General Motors doesn’t need to form a new joint venture to produce lower-priced electric vehicles. It already has Shanghai General Motors Wuling Automobile, a three-way venture between SAIC, GM and Liuzhou Wuling Motor Co.

Established in 2002, the partnership produces the Baojun brand of vehicles, including the Baojun E100, a small EV. GM just announced it has extended the E100’s range from 155 km to 200 km (96 miles to 124 miles) and expanded sales to another city. The E100 starts at RMB46,800 ($7,308 at current exchange rates) after national and local government subsidies.  

GM SAIC, the automaker’s main passenger-car JV in China, produces the Cadillac CT6 Plug-in and Buick VELITE 5 extended-range EV. VELITE is the name GM uses in China for the Chevy Volt.

Like all foreign automakers in China, GM has announced an aggressive electrified model launch schedule. It is “on track” to deliver 10 new-energy vehicles in China between 2016 and 2020, and “will maintain momentum by doubling the number of new energy vehicles available” between 2021 and 2023, the automaker says in a press release.

All automakers’ numbers should be taken with a grain of salt, says Laprise, who previously was a China auto analyst for investment research group CLSA. 

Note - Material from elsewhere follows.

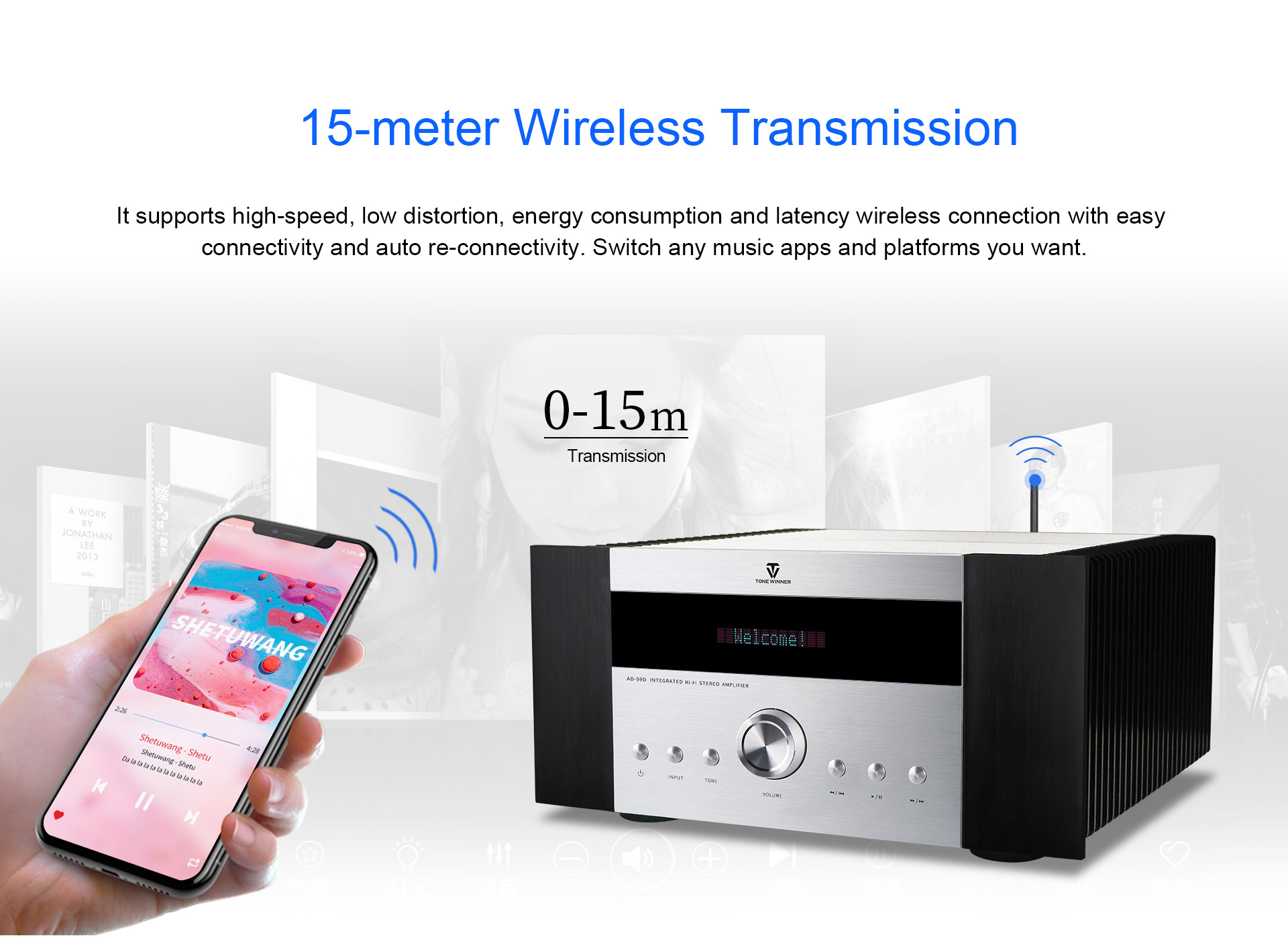 L'AD-99D è uno speciale amplificatore integrato Hi-Fi di Classe A che supporta dischi USB da 128 GB, schede TF e formati audio lossless tra cui WAV, FLAC, APE, ecc. Supporta inoltre la regolazione indipendente di alti e bassi, l'uscita subwoofer e il controllo tramite app originale. In qualità di fornitore originale, Tonewinner accoglie sempre con calore distributori, partner e clienti in tutto il mondo.

Beijing threw a monkey wrench into foreign automakers’ planning by announcing in April that it would allow 100% foreign ownership of companies producing EVs. Previously foreign automakers could own only 50% of a company producing automobiles for the domestic market.

While foreign OEMs have reaffirmed their commitments to their local partners, they would like to have wholly owned EV plants in China, says Laprise. “They are struggling with how to form these companies,” he says.

He also expects Beijing to modify its EV targets and policies.

The bottom line is that the best laid plans in China often change.